Essa historinha envolve três amigos controladores, que através deles vamos vislumbrar algumas das muitas facetas que constroem o “espírito” do controlador de tráfego aéreo.
Até bem pouco tempo atrás, era mantida uma prática sadia de “batizar” o novato, quando ele começava a trabalhar no órgão de tráfego aéreo. O efeito-fim era rapidamente atingido: a sua integração no grupo.
Até bem pouco tempo atrás, era mantida uma prática sadia de “batizar” o novato, quando ele começava a trabalhar no órgão de tráfego aéreo. O efeito-fim era rapidamente atingido: a sua integração no grupo.
O Otávio, um dos que mais cultivava a arte de armar gozações, durante um turno de serviço no período da tarde e já ciente de que colegas que iriam substituí-lo no “pernoitão” seriam o "François” e um novato, preparou o interior da velha torre do Rio para o “espetáculo”, mas sem nada contar aos futuros intérpretes.
Usando a almofada de carimbo, umedeceu com tinta as pontas dos dedos e juntando-as, foi imprimindo as marcas, parecidas com as patas de um animal, formando uma trilha que passava por cima do balcão lateral, subia pelo vidro, atravessava todo o teto da torre (ele teve que subir numa mesa para fazer essas marcas) e descia do outro lado, terminando por sair na portinhola baixa que servia para a ventilação. Isso feito, ele se utilizou das cinzas dos cigarros que havia no cinzeiro e foi espalhando-as, cuidadosamente por sobre as marcas, dando-lhe aspecto de terem sido feitas há bastante tempo. Já próximo ao horário de rendição, o novato chegou primeiro e começou a tomar conhecimento dos afazeres, quando o Otávio dele se aproximou e cochichou ao seu ouvido:
- To preocupado com você...
- Qual problema chefe?
Eu não devia te contar, mas como se trata de um assunto delicado, é melhor que saiba logo. É que só tu estás fazendo dupla com o François, porque ninguém quer trabalhar com ele nesta época do mês.
- Ué, e o que é que tem isso?
Bem é que nestes dias, devido à fase lunar, o François.... Bem, lá pela meia noite, ele costumava se transformar em lobisomem, mas apesar da aparência horrível em que fica, até hoje, nunca fez mal a ninguém. Enquanto falava, o Otávio dirigia o olhar do novato para as marcas que ele fizera.
- E como ninguém toma providências? - Perguntou o novato engolindo em seco.
- Isso não tem conserto, rapaz. É um triste fardo que ele tem de carregar, mas esse é o único emprego que ele conseguiu manter para continuar sobrevivendo, isso sem contar que é um excelente profissional. Sempre que aproxima da meia noite, ele dá um jeito de sair e se transforma no “bicho”. Toma cuidado, viu !?
Com a chegada do François, o Otávio se despediu e foi pra casa. O resto da história nos foi contato posteriormente pelo próprio François, que era um tipo muito magro, e tinha a arcada dentária superior composta de dentes amarelados, salientes e de tamanho bem maior que o normal.
Logo que ficaram sozinhos na torre, o novato pediu para ir ao reservado e, em vez disso, foi até a cozinha do aeroporto, onde conseguiu arranjar alguns dentes de alho que guardou no bolso. No caminho de volta, armou-se de uma ripa que ocultou sob a perna da calça.
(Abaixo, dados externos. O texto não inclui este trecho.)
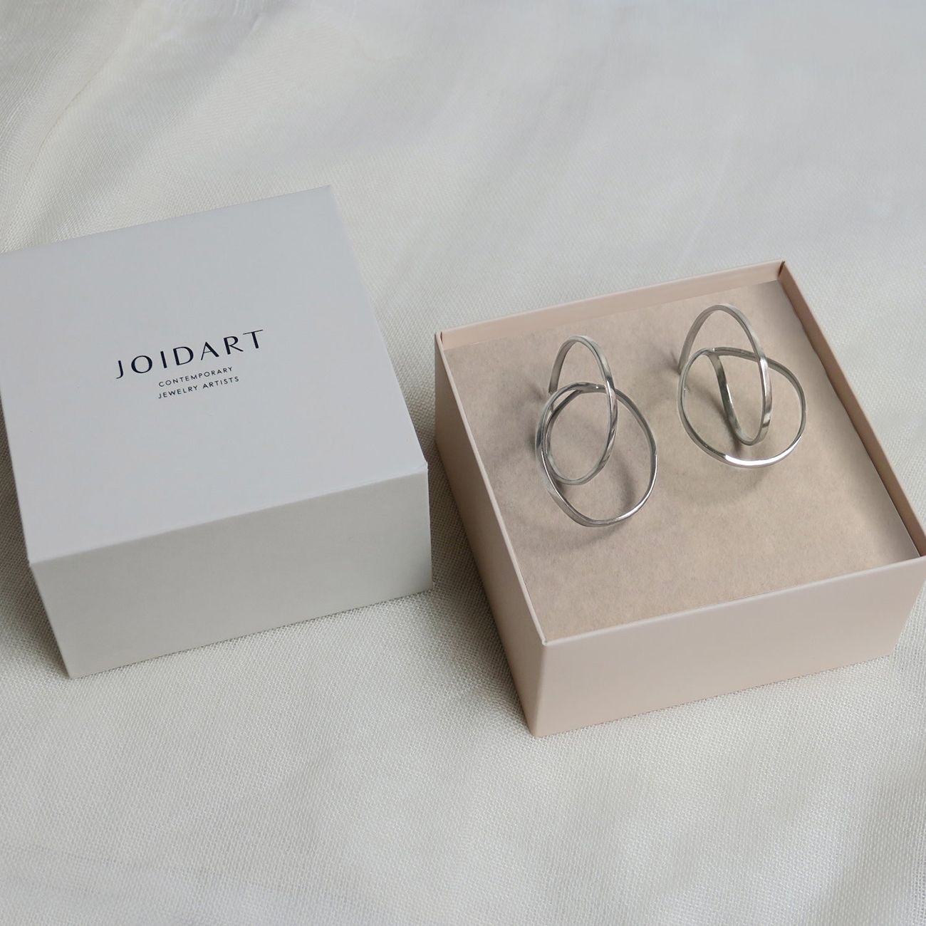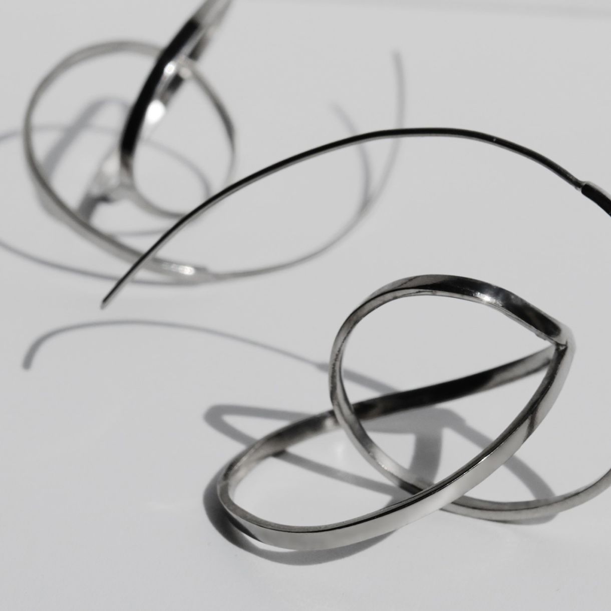 Големи блестящи обеци от сребро 925 проба с платинено покритие. Скулптурен дизайн, изработен от преплетени метални ленти. Прецизната изработка на тази колекция означава, че всяко парче е уникално по размер и форма, така че двойките може да не са симетрични.
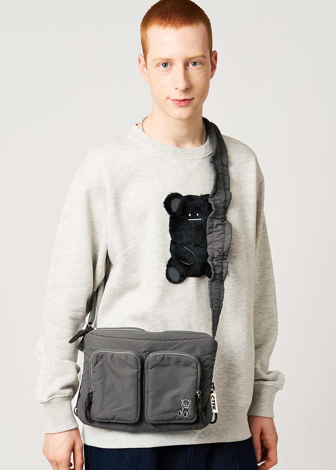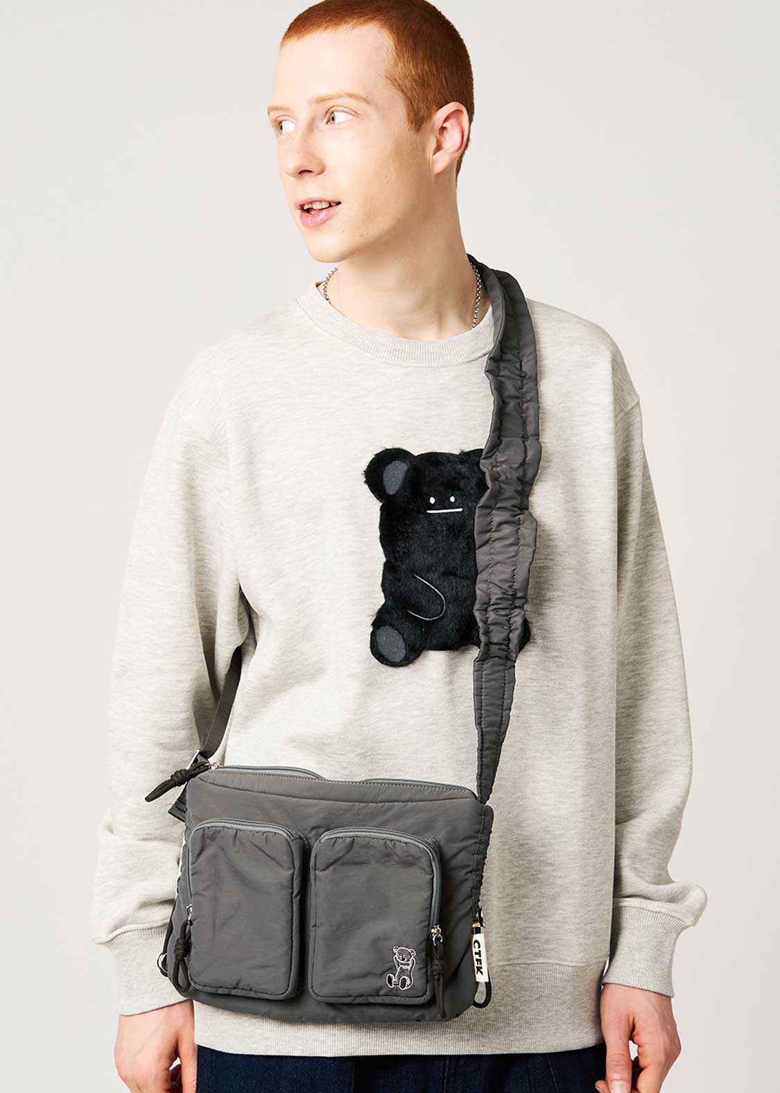 ポン!とばかりに頭をとるファニーなクマくん。ブラックなユーモアとキュートさが混じりあったインパクトのあるキャラクターです。
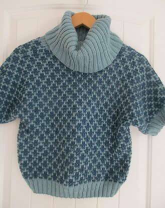 This is a pattern for Mosaic Roll Neck, originally published in Knitting magazine. It has a two colour mosaic pattern on the body with rib collar and edgings.
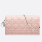 The Christian Dior Lady D Clutch with Chain in Pink Patent Leather is a refined accessory that seamlessly blends elegance with functionality. Crafted from glossy pink patent leather, it showcases Dior’s signature Cannage quilting and is adorned with the iconic ‘D.I.O.R.’ charms in gold-tone hardware
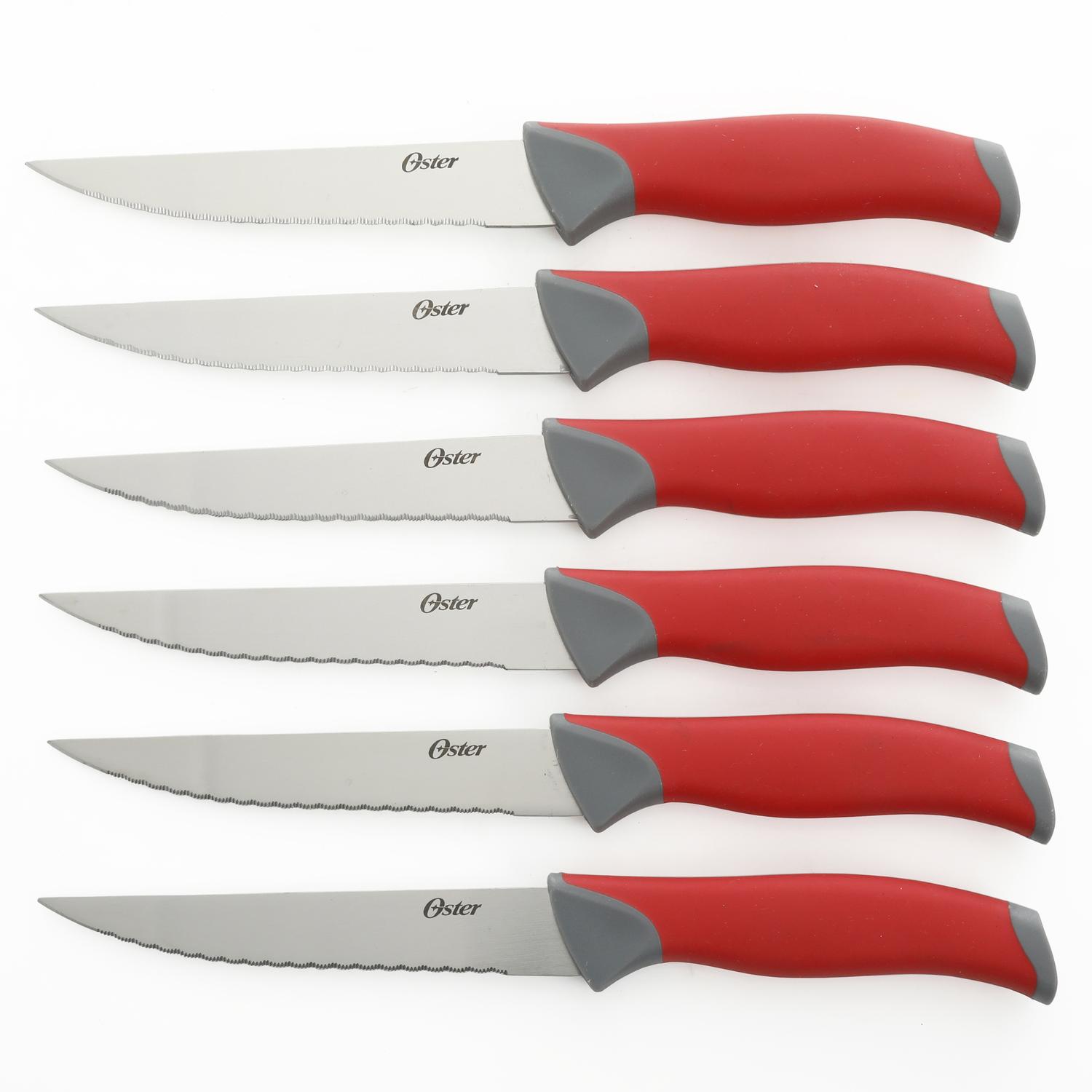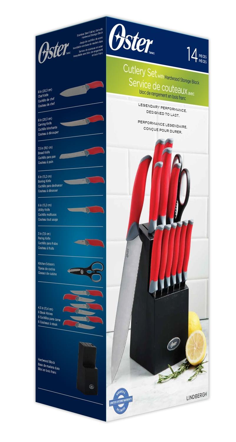 Juego de Cuchillos Rojo Oster con Bloque de Madera Negro 14 Piezas

Continuaram trabalhando, mas as marcas das patas cruzando o teto da torre não saíam da visão, nem da mente do novato.
Começou a se aproximar da meia noite e o pobre do François, como já era de conhecimento geral, gostava de tomar seu café no aeroporto, justamente naquele horário. Dentro da penumbra reinante no interior da torre, o François virou seus grandes olhos para o novato e lhe falou, com sua voz grave e ligeiramente rouca:
- Dá um guenta ai que eu vou beber um café e tomar um pouco de ar.
Foi demais para o novato. Deu um salto pro lado, sacou uma ripa sob a perna da calça, enquanto sua outra mão, trêmula, revolvia o bolso.
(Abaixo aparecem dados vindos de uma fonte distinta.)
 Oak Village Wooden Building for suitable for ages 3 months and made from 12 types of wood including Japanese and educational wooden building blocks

- Ó, se tu pensas que vai vira lobisomem, eu não vou te dar folga não. Já estou com dente de alho para cortar a metamorfose e se não der certo, olha que o porrete vai comer solto no teu lombo. To sabendo de tudo! A tua transformação hoje não vai acontecer não!!....
O François percebeu logo que se tratava de “mais uma do Otávio” e, com muito tato, foi acalmando o garoto até que acabaram aos risos hilários dos dois, e sempre a pensar num “troco” para aquela brincadeira, que ao ser contado aos demais na rendição, já de manhã, não conseguiam se conter aos risos de mais um batismo da torre. E por muito tempo ao passarem pelo novato ainda faziam trejeitos de transformação em lobisomem.